Butterfly Valve Seat Materials Explained – EPDM, NBR, PTFE & Viton

April

2025

Understanding Butterfly Valve Seat Materials: Choosing the Right One for Your Industrial & Marine Needs

In the world of fluid flow control, butterfly valves are renowned for their compact design, cost-effectiveness, and quick operation. But one critical component often overlooked is the valve seat—the inner lining that ensures tight shutoff and prevents leaks.

The seat forms the seal between the disc and the valve body. Choosing the right seat material is vital to the valve's resistance to temperature, pressure, corrosion, and chemical compatibility. A poor material choice can lead to premature failure, maintenance issues, or even operational downtime.

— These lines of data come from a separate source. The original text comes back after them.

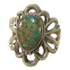 More elaborate design, heavy, sand cast all-silver bracelet with single turquoise stone. 6" plus 1" gap x 3" wide
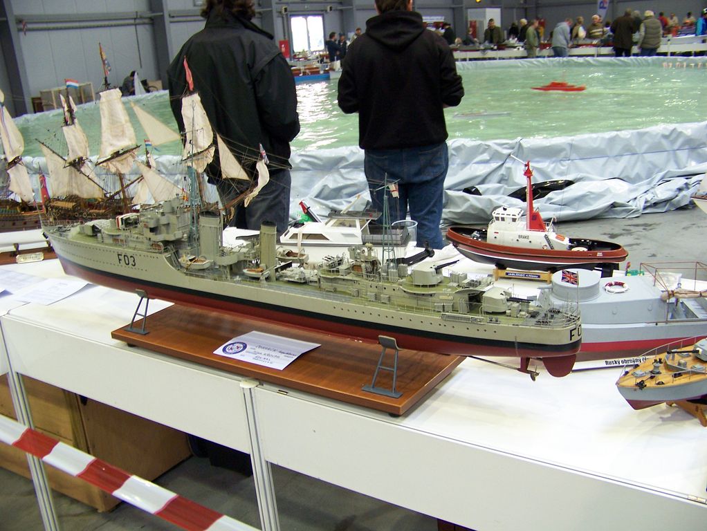 V pátek byl běžný pracovní den, a proto nás u bazénu mnoho nebylo. Navíc někteří využili příležitosti a jeli se podívat na Modell Hobby Spiel do Lipska. Kruhový bazén o průměru 15 metrů se tak stal jakýmsi mořem, kde se proháněly naráz průměrně tři lodní modely, což není mnoho. Pokud k tomu připočteme skutečnost, že jsme se o volné kanály po hodině dělili s automodeláři, pak náhodný návštěvník musel nabýt dojmu, že u bazénu chcípl pes. Jelikož se na společné prezentaci lodních modelů podílelo více klubů, tak jsme se k sobě navzájem pořádně ani nedostali a nějaké přeřvávání se přes celý bazén by nepadalo v úvahu.
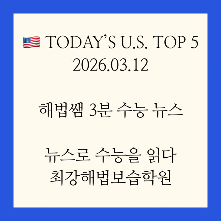 2026.03.12 미국 5대 뉴스 뉴스로 배우는 수능 영어 독해 | 해법쌤 3분 수능 뉴스
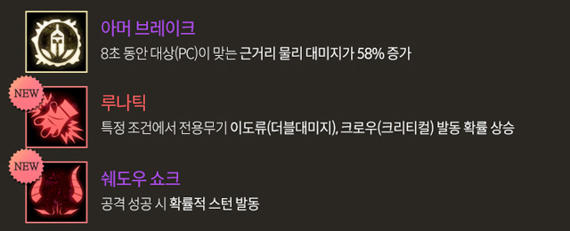 다크엘프의 간판 스킬인 아머 브레이크 외 신규 스킬 2종이 4단계 흑정령 마법으로 등장했다. 아머 브레이크는 대인전 전용 스킬로 PC(플레이어)에게만 시전할 수 있다. 8초 동안 대상이 피격하는 근거리 물리 대미지를 58% 증가시킨다. 쉐도우 쇼크는 공격 성공 시 확률적으로 스턴이 발동하는 패시브 스킬이고 루나틱은 특정 조건(HP 감소)에서 전용 무기 이도류의 더블대미지, 크로우의 크리티컬 발동 확률이 상승한다. 아머 브레이크와 쉐도우 쇼크는 전설 등급, 루나틱은 영웅 등급 스킬로 분류되었다.
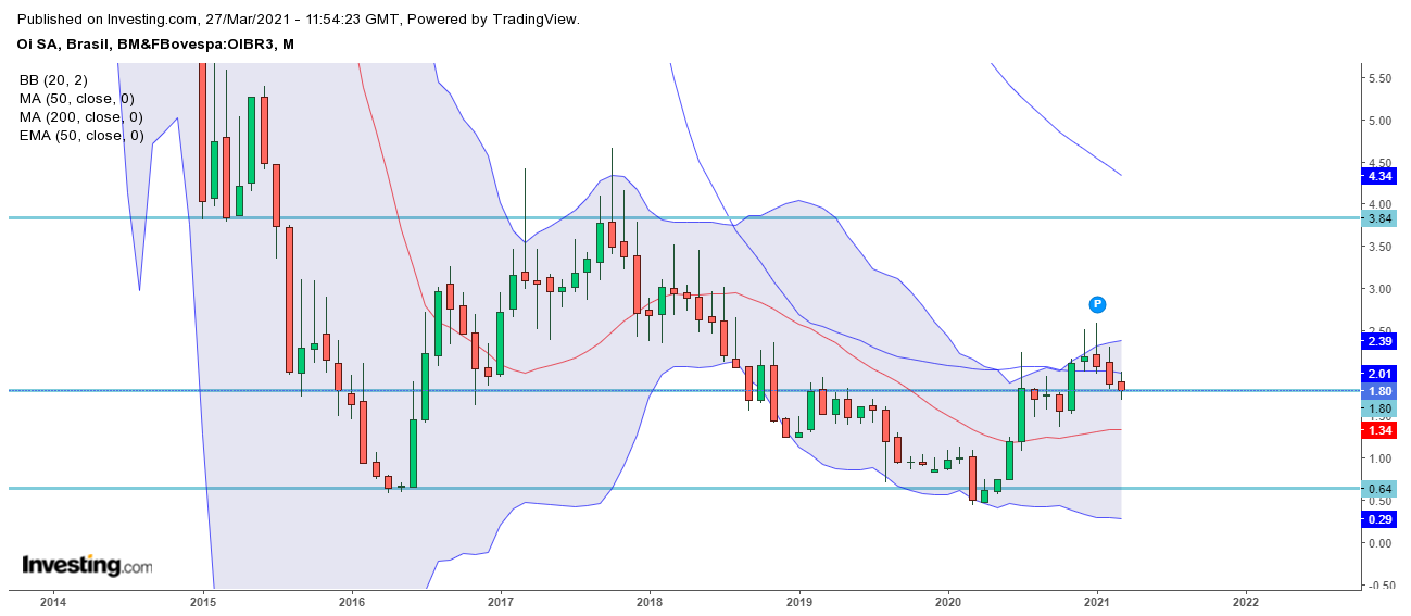 Aqui vai o mensal da OIBR 3. Breakout da zona dos 1,8$ onde subiu até onde conseguiu e agora o resteste à base, que passou a suporte (com sucesso até ao momento). Diria que agora teria as condições para continuar a subir. MM200, no diário está mesmo a suportar o preço, quem sabe não dá um empurrão. Ou não.
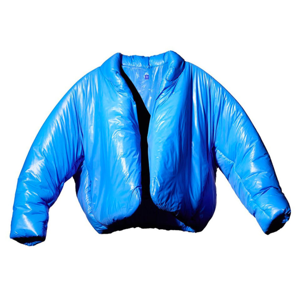 Kanye West a dévoilé la première pièce Yeezy issue de sa collection pour la marque Gap : une veste bleue en nylon recyclée
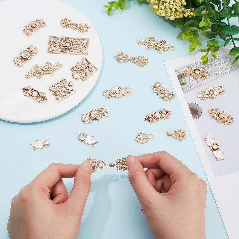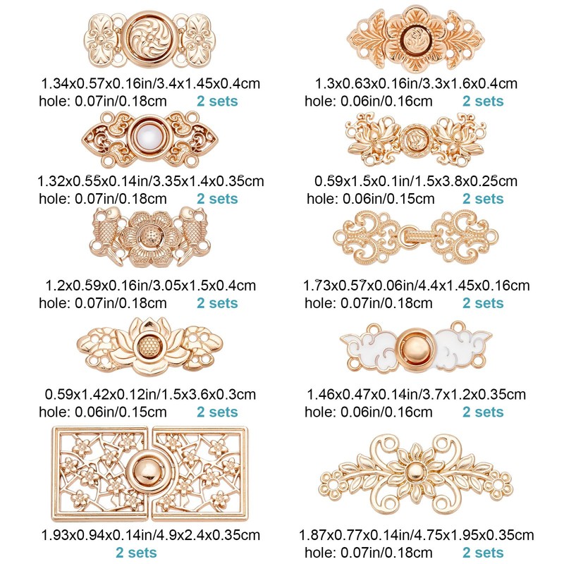 - WAIST TIGHTENER CLIP: 20 sets of 10 style trouser waist buttons, their shapes include (fish, rectangle, flower, sunflower, cloud), light gold, different styles of buttons can match your different clothes and pants.
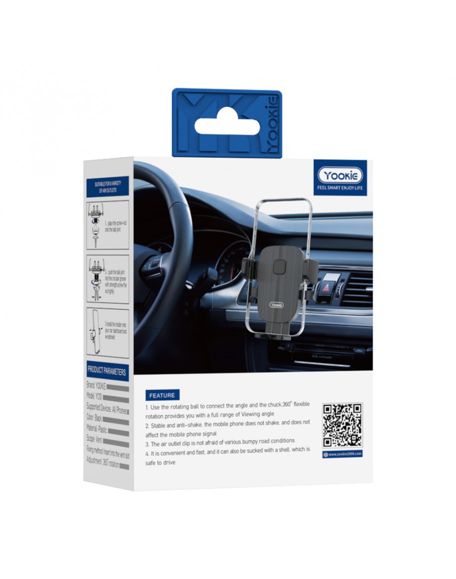 Универсална стойка за телефон Yookie YC10, За кола, Черен - 17726

At Aik Soon Hardware Pte Ltd, we stock and supply high-performance butterfly valves engineered for demanding marine and industrial conditions across Singapore and Southeast Asia. In this guide, we dive into the four most commonly used seat materials: EPDM, NBR, PTFE, and Viton—to help you make an informed decision.

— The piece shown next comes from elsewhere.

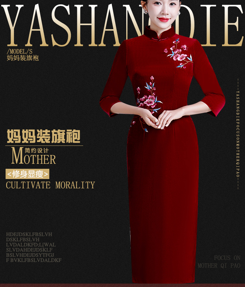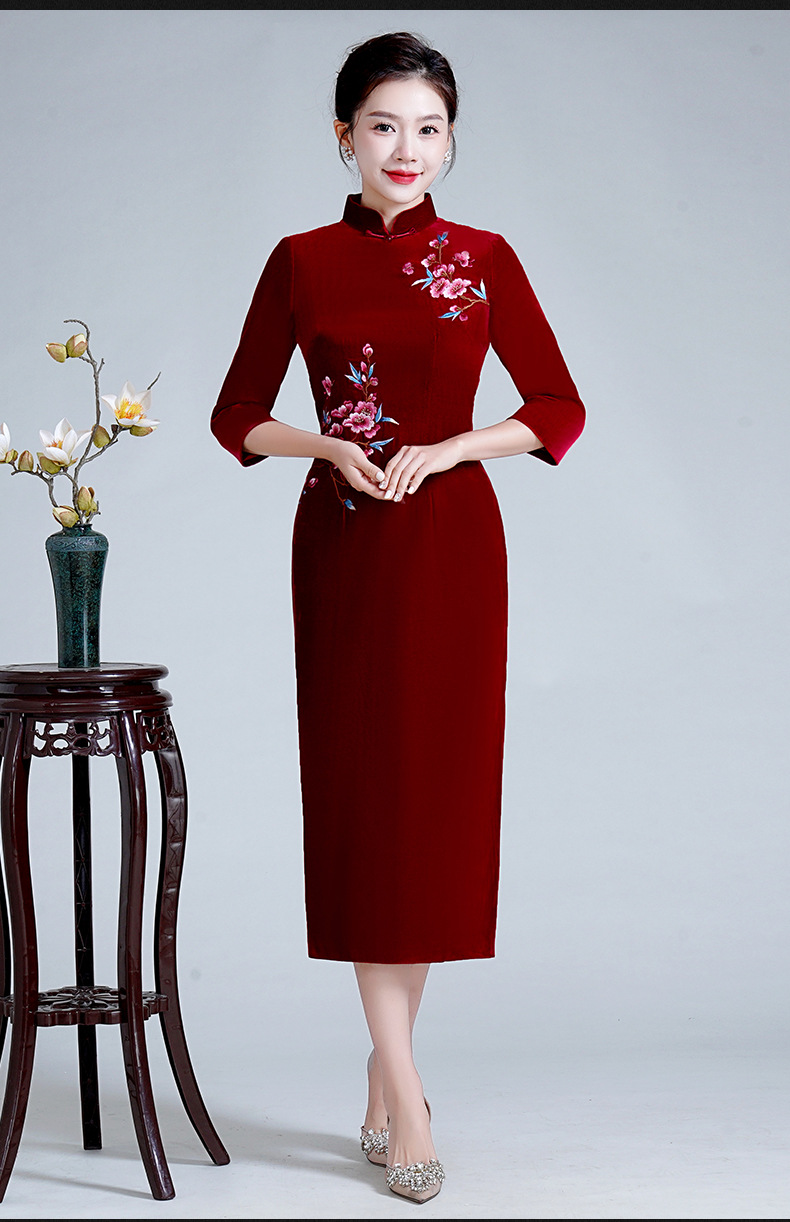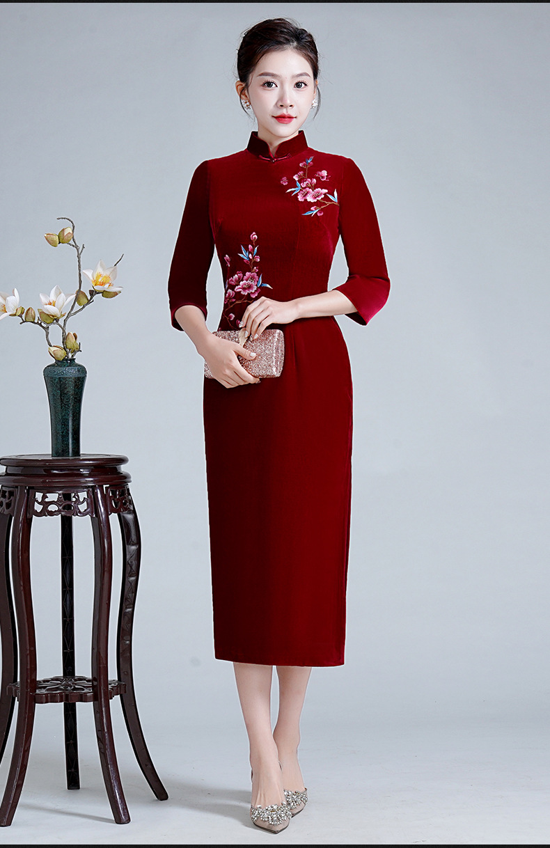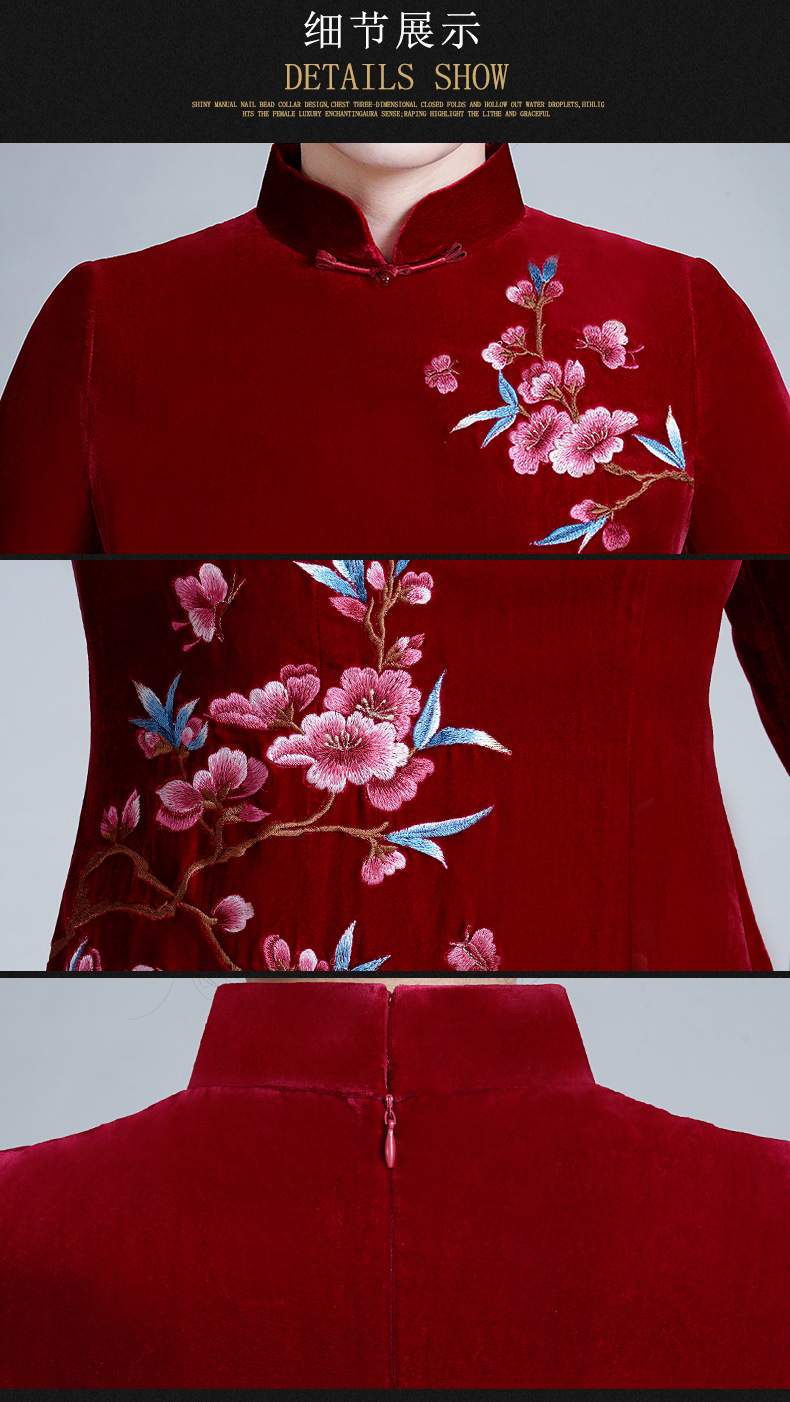 LHS-A36新款喜婆婆婚宴装平时可穿结婚礼服高贵酒红色真丝绒绣花旗袍秋季

1. EPDM (Ethylene Propylene Diene Monomer)

Overview:
EPDM is a synthetic elastomer widely used in water-based systems. It offers excellent flexibility, sealing performance, and weather resistance.

Key Characteristics:

Temperature Range: -30°C to +130°C (intermittently up to 150°C)
Hardness (Shore A): 65–80
Chemical Resistance: Excellent against water, steam, dilute acids, alkalis, and alcohols

Pros:

Great for both cold and hot water systems
High resistance to UV, ozone, and aging
Non-toxic and suitable for potable water applications
Cost-effective and readily available

Cons:

Poor resistance to petroleum-based fluids, hydrocarbons, and solvents
May swell or degrade in oil-rich environments

Best Applications:

HVAC systems
Water treatment plants
Marine systems involving fresh or seawater
Food and beverage (non-oily media)

Not recommended for: Oil pipelines, fuel systems, or systems involving grease or solvents.

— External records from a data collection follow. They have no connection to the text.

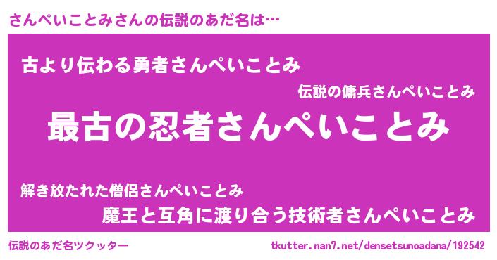 | 意味不明あだ名 | 『さんぺいことみフォーエバー』 |
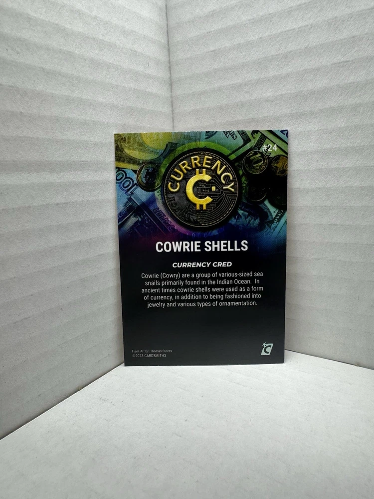 Introducing the 2023 Cardsmiths Currency Series 2 Base Cowrie Shells #24 trading card. This limited edition card is a must-have for collectors and features a beautiful design with high-quality card stock material. The card is an original and licensed reprint and is part of the 2023 Cardsmiths Currency Series 2 set. The card showcases Cowrie Shells, a popular character from the set, and is a non-sport trading card type. It has a standard card size and is written in English language. The card is perfect for anyone aged 4 and up and is an excellent addition to any collection. Get your hands on this exclusive card today!
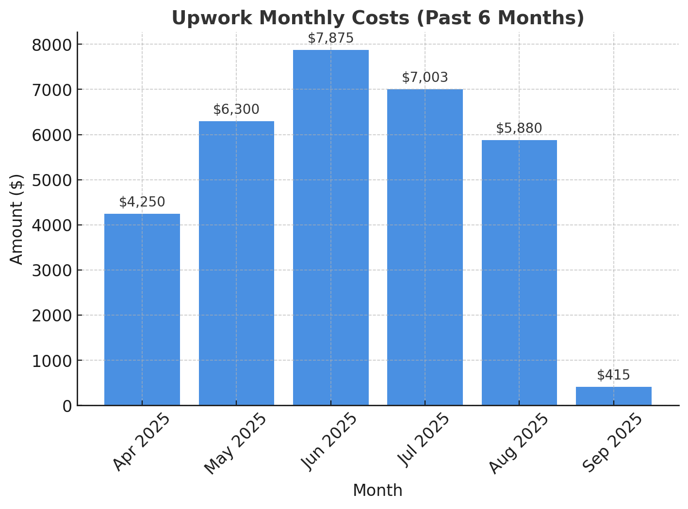 By September, Upwork spend dropped because we have yet to release a $4,000 payment to our old agency for switching our backend.
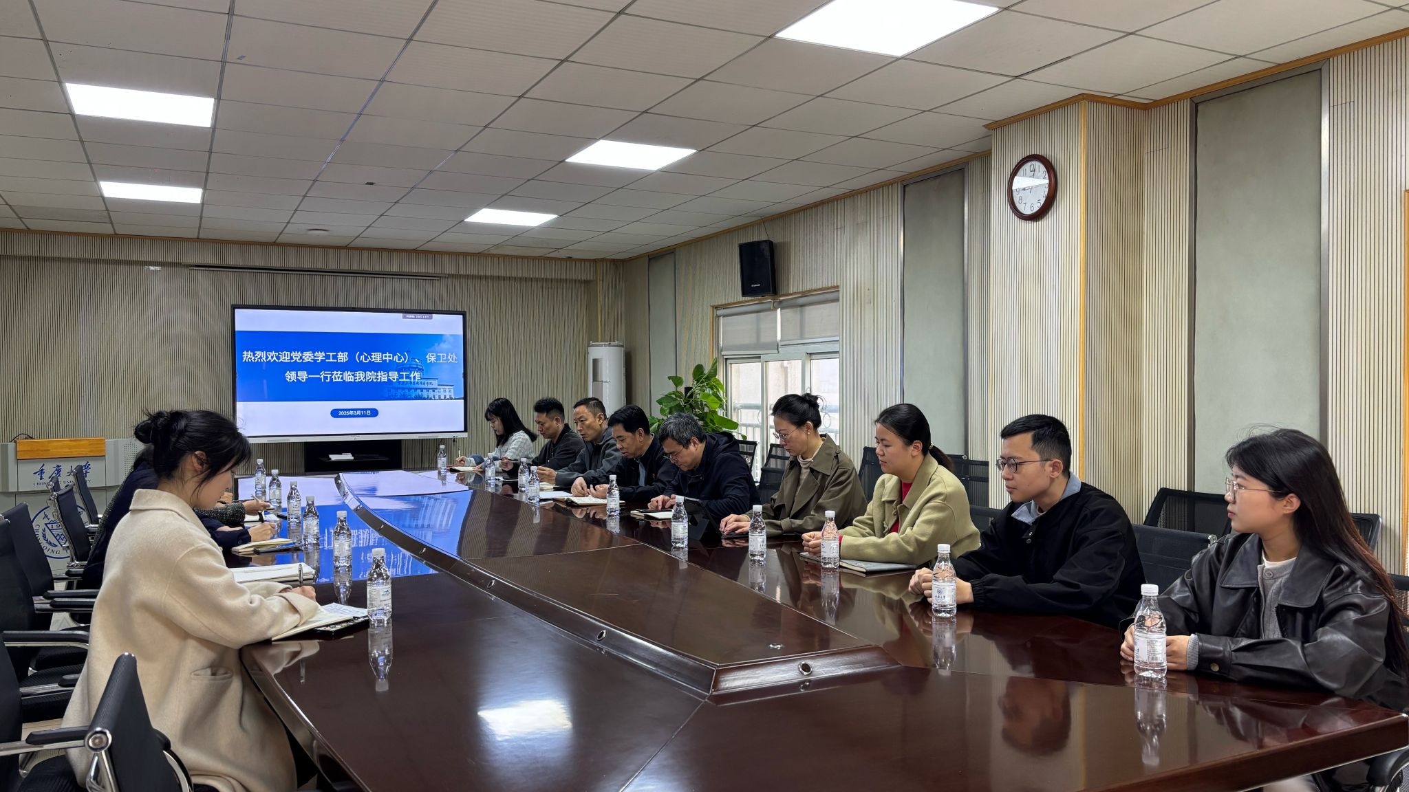 3月11日上午,重庆大学党委学生工作部(心理健康教育与咨询中心)、保卫处一行来院开展调研交流,围绕学生工作、校园安全、心理育人等重点工作深入对接、共商对策。党委学工部副部长何建华、心理健康教育与咨询中心主任吕敏、保卫处副处长贺兵,学院党委副书记、纪委书记赵华等及学院全体辅导员参加调研交流会议。

2. NBR (Nitrile Butadiene Rubber)

Overview:
Also known as Buna-N, NBR is another synthetic rubber but is specially formulated for oil resistance.

Key Characteristics:

Temperature Range: -20°C to +90°C (up to 100°C for short durations)
Hardness (Shore A): 70–85
Chemical Resistance: Excellent to oils, lubricants, fuels, and many hydrocarbons

Pros:

High resistance to mineral oils, diesel, and synthetic fluids
Good compression set and tear resistance
Economical for oil-heavy applications

Cons:

Limited resistance to weathering, ozone, and sunlight
Degrades in strong oxidising agents and polar solvents
Less suitable for water-based media at high temperatures

Best Applications:

Oil & gas pipelines
Diesel engine systems
Hydraulic fluid systems
Fuel transfer and chemical tanks

Not recommended for: Outdoor installations with direct UV exposure or applications involving steam or chlorinated water.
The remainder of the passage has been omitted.